6.15.2012

On Tuesday I posted here that I thought I was getting sick.  I wasn't feeling all that great then and I was feeling even worse on Wednesday.  I really hate getting sick, but if I have to be sick, I'm glad it's now and not a couple weeks ago when I had all sorts of stuff going on.  Thursday I was feeling a lot better, though not 100%.  I figured I was feeling well enough to get back to the gym.  As much as I don't really care for going, I need to go, both physically and psychologically.  I always feel a million times better afterwards and am always glad I went.  So I went.  And a little while after getting home I was feeling even more run down than I'd felt the day before.  So that was a dumbass move on my part.  Today I woke up not feeling as good as I did yesterday.  One thing I hate about myself is I push myself too hard sometimes.  I really could have used at least one more day to rest up.  But I didn't let myself, because sometimes I think I'm Superman.  So today I'm feeling a little worse, so it's a good idea to just go home from work and rest.  Except by the time I left work I was feeling pretty good.  So I went again.  And right now I feel like I want to sleep for a month.  I don't always take my best interests into account when I make decisions.  Tomorrow I'm without a car while it's in the shop, so I'll be forced to lounge around the house and rest.  We'll see what dumbass move I do instead.

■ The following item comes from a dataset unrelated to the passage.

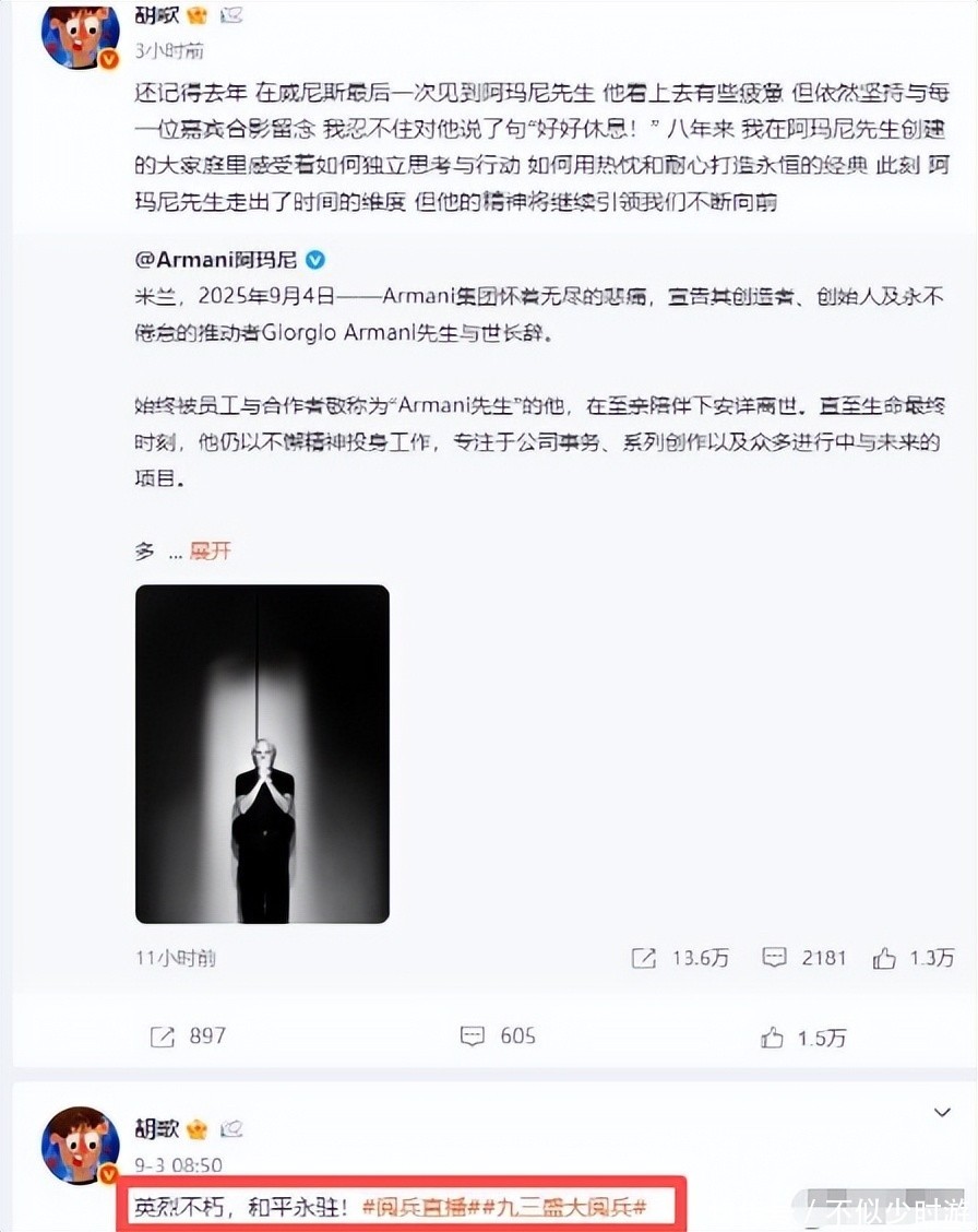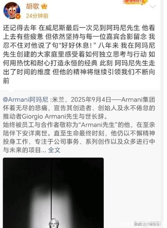 国+社区——《时装设计师乔治·阿玛尼离世,胡歌发文悼念,追忆最后一次相见?!?#24863受着如何独立思考与行动,如何用热忱和耐心打造永恒的经典”》2025-09-05

I was off work all week last week.  I had my Texas family here until Wednesday and I contemplated going back to work on Thursday, but I had a dentist appointment for Thursday and I didn't really want to go in for a couple of hours only to have to leave again.  So I took the whole week off.  After the dentist on Thursday I had a few errands I needed to run.  Last on the list was Target for a few items I needed to pick up.  I wandered the store grabbing what I needed.  The last item was fabric softener (this is riveting, isn't it?) and I started to make my way to that aisle.  Half way there, I realized I forgot paper towels, so I backtracked to that aisle, grabbed what I needed and then made my way to the fabric softener aisle.  As I turned into the aisle, I saw a woman and her two kids walking up from the opposite end.  I paid them only a second of attention until my brain screamed at me that the woman might actually be someone I used to know.  I debated very quickly whether or not to say her name and decided to.  "Jen?" I asked.  She stopped and then there was that second of "who the hell are you" from her before it hit her.  Now you need to know, I have not seen Jen since 1989.  We were both living in the Kingston area (about an hour south of here).  I moved out of there in January of 1990 and fell out of touch with a lot of people.  We reconnected maybe a year ago on Facebook.  She is living up here now, though probably 40 minutes north of me.  It was such a bizarre thing to happen.  I'm not usually in a Target on a Thursday afternoon and she's not usually this far south, but just happened to be.  We chatted for a little bit, but the tiny bladder on one of her young sons prevented a lengthier conversation.  I love when crazy shit like that happens.